Understanding the Household Survey Numbers (NRO Fake Award Edition)

When are the folks at the National Review ever going to understand what this footnote in the BLS Household Survey report on employment means:

Data affected by changes in population controls in January 2000, January 2003, January 2004, and January 2005.

I ask because of who received the first “Jayson Award” from Donald Luskin. David M. Kiriazis (chairman of the economics department at Frostburg State University in Frostburg, Maryland) writes:

Unless nothing else changed, a decline in the unemployment rate could not possibly be explained “entirely” by people dropping out of the labor force. In fact, from June 2003 to Feb 2004, the labor force did decline from 147 to 146.5 million, but the number of unemployed declined from 9.2 to 8.2 million. Hence, the decline in the unemployment rate was mainly the result of more people finding jobs.
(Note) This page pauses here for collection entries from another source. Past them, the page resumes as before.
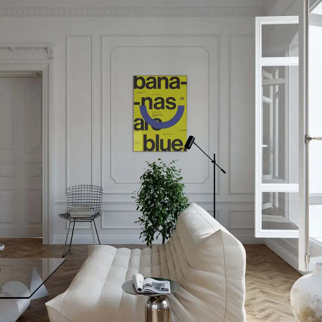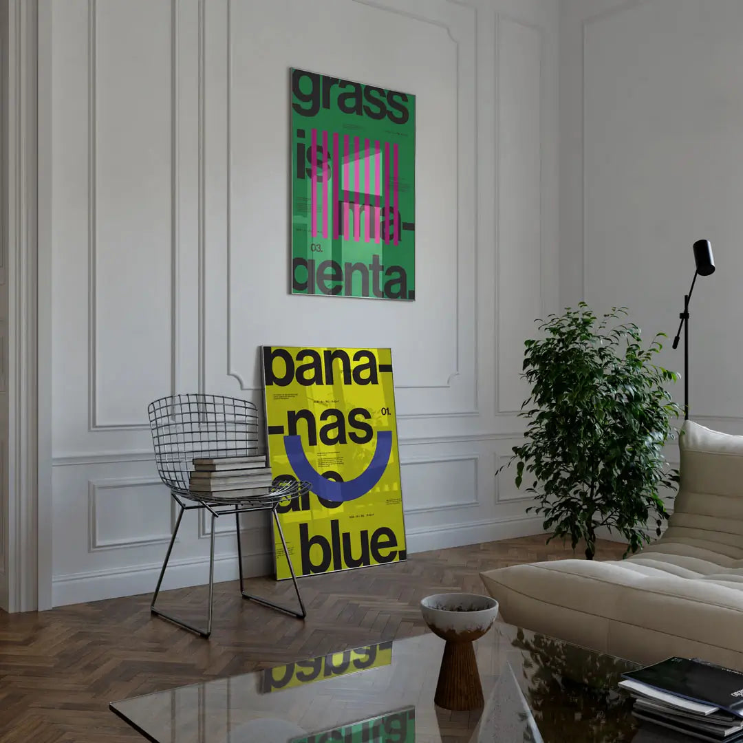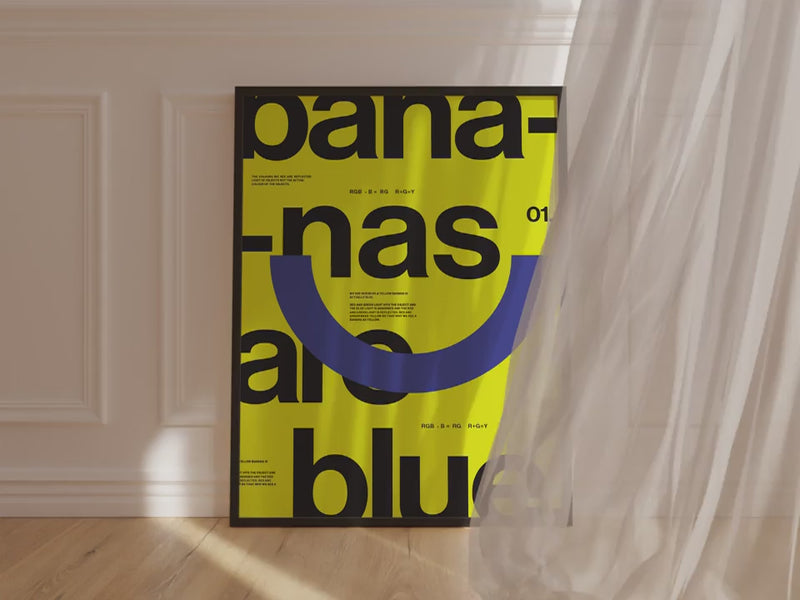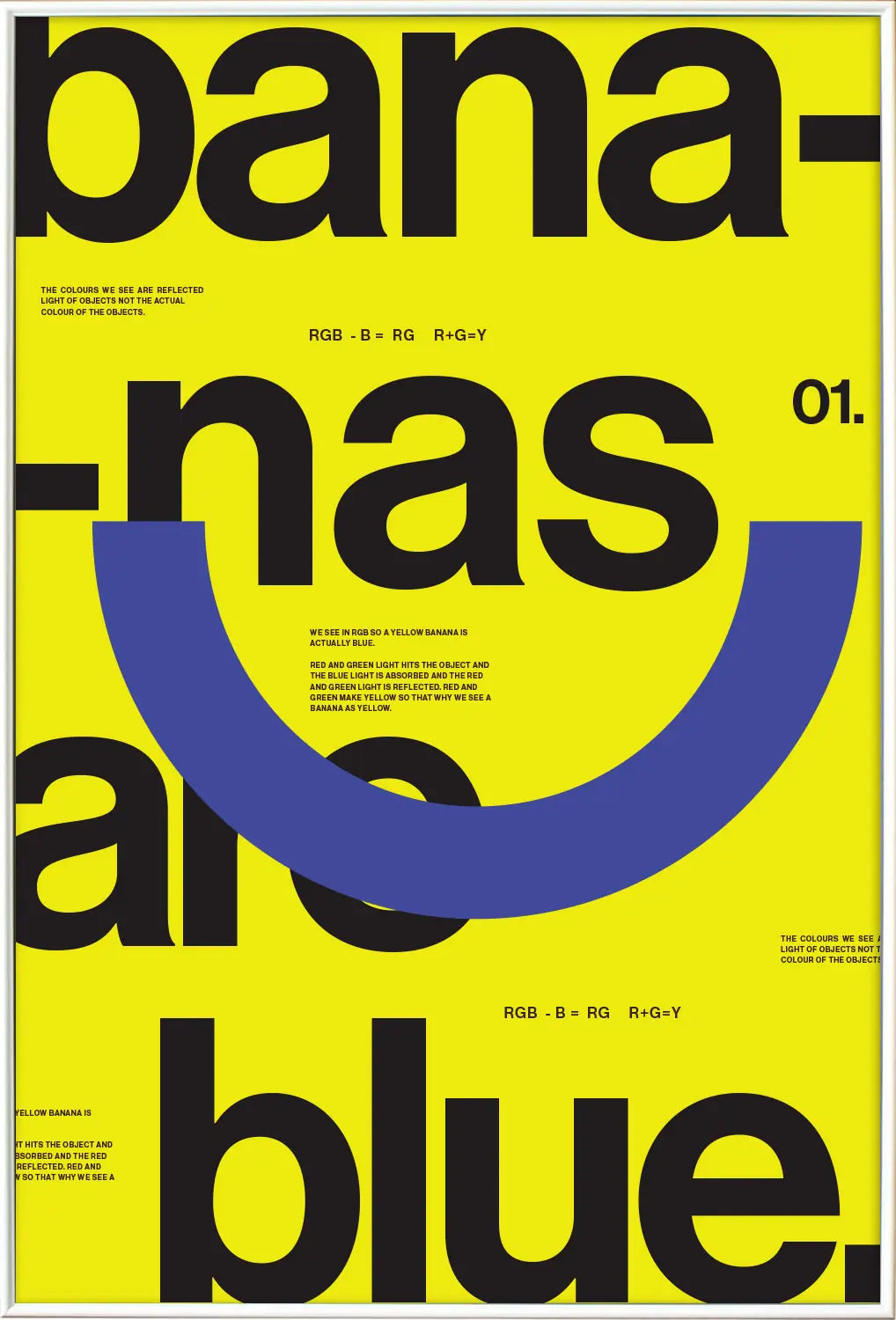 色彩の見え方に関する面白い科学的テーマを取り入れたアートピース第1弾。目を引く鮮やかなデザインが特徴の “1.Bananas " ポスターは、視覚的インパクトと色彩理論をテーマにしたユニークなアートピース。黄色をベースに、大胆な黒のタイポグラフィが配置され、青い半円形が加わることで、抽象的でモダンな印象に仕上がっています。
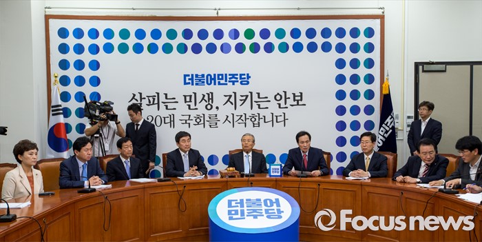(서울=포커스뉴스) 우상호(오른쪽 네 번째) 더불어민주당 원내대표가 13일 오전 서울 여의도 국회에서 열린 비상대책위원회의에 참석해 모두발언 하고 있다.
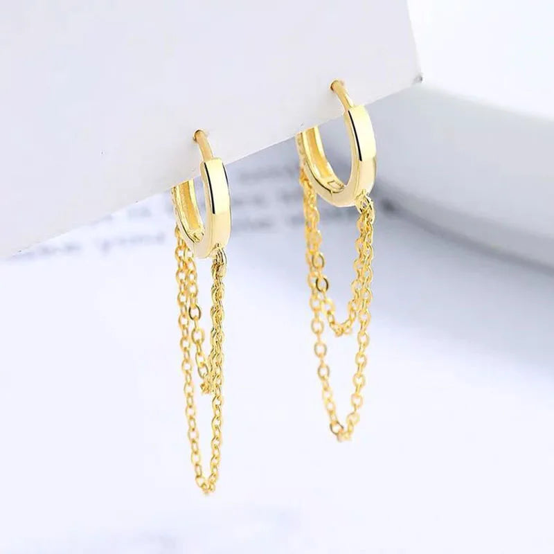 These double stranded earrings are made of 925 sterling silver, perfect for women who love Korea style jewelry. Ideal for birthdays and gifts.

Interestingly, BLS’s reporting for the civilian noninstitutional population had it at 222.509 million for December 2003 but only 222.161 million for January 2004. Unless one believes that the U.S. adult population declined by about 350 thousand in one month, Kiriazis’s calculations are suspect. As far as the number of people finding jobs, the employment to population ratio fell from 62.3% in June 2003 to 62.2% in February 2004. I hope Kiriazis understands our population tends to grow over time so that adding 125 thousand new jobs per month is not going to get us back to full employment very soon.

Since the Jayson Award is dedicated to someone who allegedly caught Krugman in a lie, let’s remember that he was referring to the labor force participation rate, which fell from 66.5% in June 2003 to 65.9% in February 2004.